Is this a known issue or am I doing something wrong?

In C++, when you pass an object by-value to a function, a copy of that object is made for use by the function. This copy is made before the function body begins executing. Therefore, from a scoping perspective, the copy is made outside the function body. When the function completes/returns (after the function body completes, and the scope for that function body is terminated), the destructor for that object-copy is called. This is the way C++ chooses to implement pass-by-value for an object.

In your code, when you call the kernel, a copy of the object original is made for use by the kernel function. This object-copy is constructed using the object’s copy-constructor. Since you have not provided an explicit copy-constructor, a default copy-constructor is used (which does not contain cudaMalloc, of course). When the kernel function completes, the destructor is called on this object-copy. This object-copy is made in host code (outside the kernel function body), and therefore the destructor called on it is called from host code, and follows the host-code path in your explicit destructor. That path includes a call to cudaFree on the pointer that was originally returned by cudaMalloc when the constructor was called for original. Therefore that pointer (contained in the object-copy) is freed, at the point of kernel completion. This invocation of the destructor is what is printing the “free on host” message that appears first in your output.

Later in your code, the object original goes out of scope. At that point, your destructor is called on that object, and it prints the final “free on host” message that appears in your output. However there is a problem, which will be evident if you run your code with cuda-memcheck. The final invocation of the destructor is calling cudaFree on the same pointer that was returned by cudaMalloc (the pointer values are numerically the same between original and the object-copy, due to the behavior of the copy-constructor). This is illegal, since that pointer has already been freed, and cudaFree returns an error code at that point, which you are ignoring.

In terms of the behavior here, it is essentially all determined by C++ object behavior. CUDA is really just following C++ behavior, treating the kernel as a function call.

I always recommend that anytime someone is having trouble with a CUDA code, that they should implement proper CUDA error checking, and also run their code with cuda-memcheck, preferably before asking others for help. The error returned by cudaFree may have been a clue for you. Even if it is not, providing that information may be useful for those trying to help you.

Hi Robert,

Thanks for your response.

Maybe I have to add that this is just a minimal example of a larger code base. I am aware of that multiple free. To overcome that issue I tried to use the #ifdef in the destructor. The multiple free would of course also occur if one would create more “host copies” that would get free’d after main has finished.
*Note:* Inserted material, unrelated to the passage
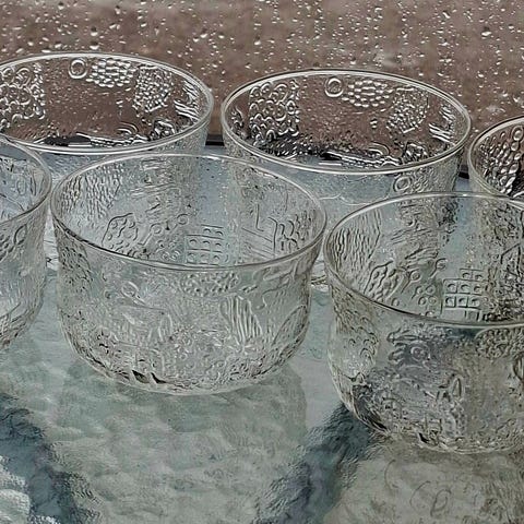 Nuutajärvi, kirkas Fauna jälkiruokakulho 6 kpl, korkeus 6 cm, halkaisija 9,5 cm. Suunnitteilja Oiva Toikka, tuotannossa 1970-1976.
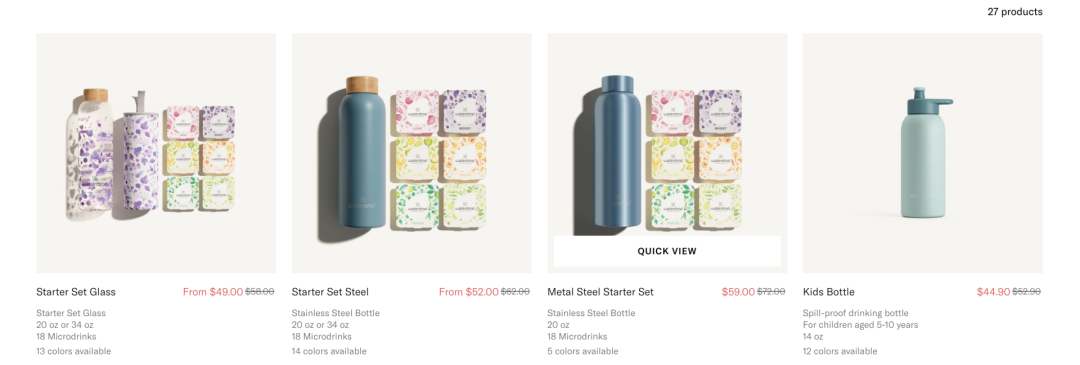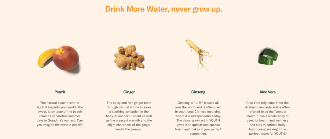 Waterdrop的產(chǎn)品線主要包括兩類產(chǎn)品:無糖小方塊(Microdrink)和飲水器具(Drinkware)。無糖小方塊主要以盒裝形式出售,一盒包括12顆方塊。Waterdrop還專門為無糖方塊產(chǎn)品線設(shè)置了兩款細(xì)分產(chǎn)品——無糖方塊飲和無糖方塊茶。其中,無糖方塊飲包含14種口味,成分主要包括14種不同的植物,并且不同的植物成分對應(yīng)不同營養(yǎng)功效的方塊。比如YOUTH系列方塊則主要由青春抗老的維生素(維生素C、B2、B3)和養(yǎng)生植物(人參、蘆薈、桃、生姜)組成。

It is intended that I use the default copy constructor because I want the same pointer in the device function and not a deep copy since in device code the same buffer must be writeable and copieable back to host. If one would create a deep copy the “output” of the kernel (the changed buffer) would never be visible because the deep copy would get destroyed right after the kernel has finished.

What I want to achieve is some sort of smart RAII behavior:
for host: create memory on device and delete if the scope of the object ends. (and also make deep copies, but for that minimal example that does not matter)
for device: create flat copies and do not delete when scope ends.

In my understanding the copy object in my minimal example would get created on the device since copy is only visible in the kernel function.

Is there a way to accomplish the behavior I want to create meaning create a device copy not a host copy?

The object copy is made in host code.

One possible method: you can pass the object by pointer. Allocate space for the object on the device using cudaMalloc. Copy the object from host to device using cudaMemcpy. Pass the pointer to device object copy and use that in your kernel code.

I think you could also create the object on the host using managed memory, and pass the object by reference to the device.

At the risk of repeating myself, this same problem would occur in ordinary CPU-only code, if you created a similar realization (an object copy would be made, and you would get a double free(), for example. Right?) If you solve the problem for that usage, that may instruct you how to solve it here.